What to work on: Across the whole listing, return each line exactly, with no images included.

Collected material:
▬▬▬

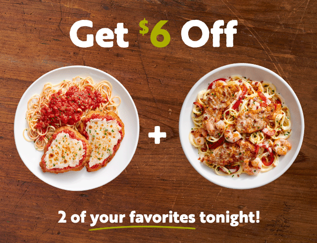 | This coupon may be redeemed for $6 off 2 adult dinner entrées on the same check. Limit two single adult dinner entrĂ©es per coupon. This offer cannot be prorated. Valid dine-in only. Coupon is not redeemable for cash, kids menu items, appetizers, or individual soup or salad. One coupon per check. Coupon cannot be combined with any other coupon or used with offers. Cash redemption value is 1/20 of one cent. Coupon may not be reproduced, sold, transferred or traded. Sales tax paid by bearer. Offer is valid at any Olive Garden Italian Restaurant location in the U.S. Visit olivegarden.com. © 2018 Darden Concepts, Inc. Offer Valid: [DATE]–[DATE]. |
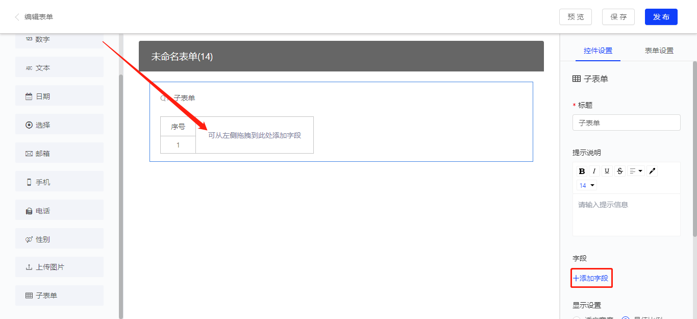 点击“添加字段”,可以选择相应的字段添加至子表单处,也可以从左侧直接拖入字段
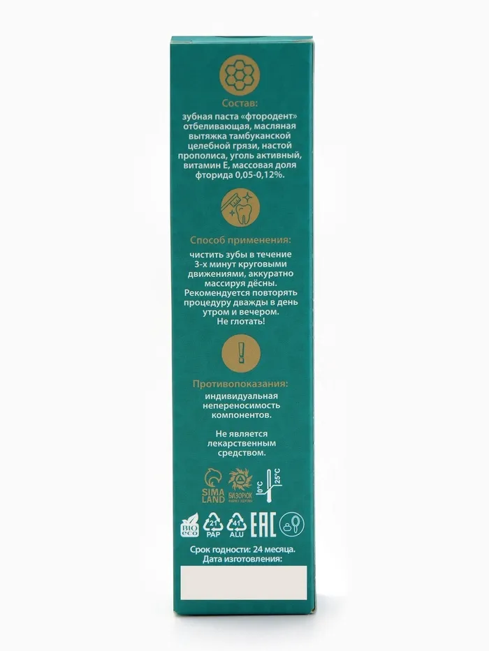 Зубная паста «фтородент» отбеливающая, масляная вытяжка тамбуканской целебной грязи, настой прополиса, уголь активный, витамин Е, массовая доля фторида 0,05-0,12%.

▬▬▬

Written answer:
 | This coupon may be redeemed for $6 off 2 adult dinner entrées on the same check. Limit two single adult dinner entrĂ©es per coupon. This offer cannot be prorated. Valid dine-in only. Coupon is not redeemable for cash, kids menu items, appetizers, or individual soup or salad. One coupon per check. Coupon cannot be combined with any other coupon or used with offers. Cash redemption value is 1/20 of one cent. Coupon may not be reproduced, sold, transferred or traded. Sales tax paid by bearer. Offer is valid at any Olive Garden Italian Restaurant location in the U.S. Visit olivegarden.com. © 2018 Darden Concepts, Inc. Offer Valid: [DATE]–[DATE]. |
 点击“添加字段”,可以选择相应的字段添加至子表单处,也可以从左侧直接拖入字段
 Зубная паста «фтородент» отбеливающая, масляная вытяжка тамбуканской целебной грязи, настой прополиса, уголь активный, витамин Е, массовая доля фторида 0,05-0,12%.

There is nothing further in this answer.